NYT: Government, Health Organization Infighting Slowing Down Ebola Fight in Liberia

NYT: Government, Health Organization Infighting Slowing Down Ebola Fight in Liberia

Chaos in the halls of power in Monrovia has reigned amid Liberia’s fight against the Ebola outbreak engulfing it, with foreign donors clashing with Liberian officials on how to best distribute funding and resources in the country.

In an exclusive report based on minutes from meetings between high-level Liberian officials and global health organizations and their donors, the New York Times reports that much of the tension arises from Liberian officials feeling suppressed in providing input on how best to use resources. The result has been millions of dollars in aid sitting unused at the United Nations, as officials debate where best to built new Ebola Testing Units and health facilities.

Officials quoted on background downplayed the tensions, describing meetings of the “Incident Management System,” charged with running Ebola efforts, as “collegial” and “effective.” Others attested to “showmanship and political posturing” in said meetings, however, and the proof of such stagnation in bureaucracy is in the lack of effective use of funding. 

The New York Times notes “poor coordination and serious disagreements between Liberian officials and the donors and health agencies” are to blame for a number of significant problems. Several regions of the nation are desperately needing isolation beds for Ebola patients and not getting them, for example, because “one Asian and two European donor countries are insisting on building new Ebola field hospitals in Monrovia, where hospitals have empty beds.” There is no plan for how to reintegrate Ebola survivors into society and the count of Ebola patients is trusted little by medical personnel in the nation. Said one doctor working in Liberia, Dr. Hans Rosling of Sweden, “We are absolutely sure that we cannot be sure about the data.”

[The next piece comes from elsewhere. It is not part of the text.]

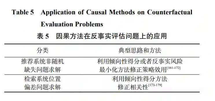 反事实评估(counterfactual evaluation)指的是机 器学习模型的优化目标本身是反事实的,这通常出 现在使用有偏差的标注数据训练得到无偏模型的情 景,例如基于点击数据的检索和推荐系统学习任 务.由于任务本身需要反事实术语进行表述,因果理 论对这类问题的建模和研究起到了关键性的作用, 如表 5 所示:

Nonetheless, the news out of Liberia has been overwhelmingly positive in the last week or so. Liberian newspapers are touting “massive improvement” in the number of Ebola cases and survivors. “I feel very good. The people are working well – doctors, nurses, and other healthcare workers – they are all very vigilant and very efficient; more importantly, most of the ETUs don’t have patients,” President Ellen Johnson Sirleaf to journalists this week.

This is true mostly in Monrovia, however, while more remote areas of Liberia remain unreached by Western medical personnel. Even in Monrovia, a reduction in the number of Ebola diagnoses does not necessarily mean that that nation has improved the social status of those affected by Ebola. It is estimated that thousands of children lost both their fathers and mothers to the disease, and remain under no one’s care, attempting to survive in some of the nation’s most impoverished areas. Pregnant women who survived the outbreak are increasingly abandoning their newborn children in garbage piles in Monrovia, orphaning them in the hope that someone with more opportunities will find and raise them.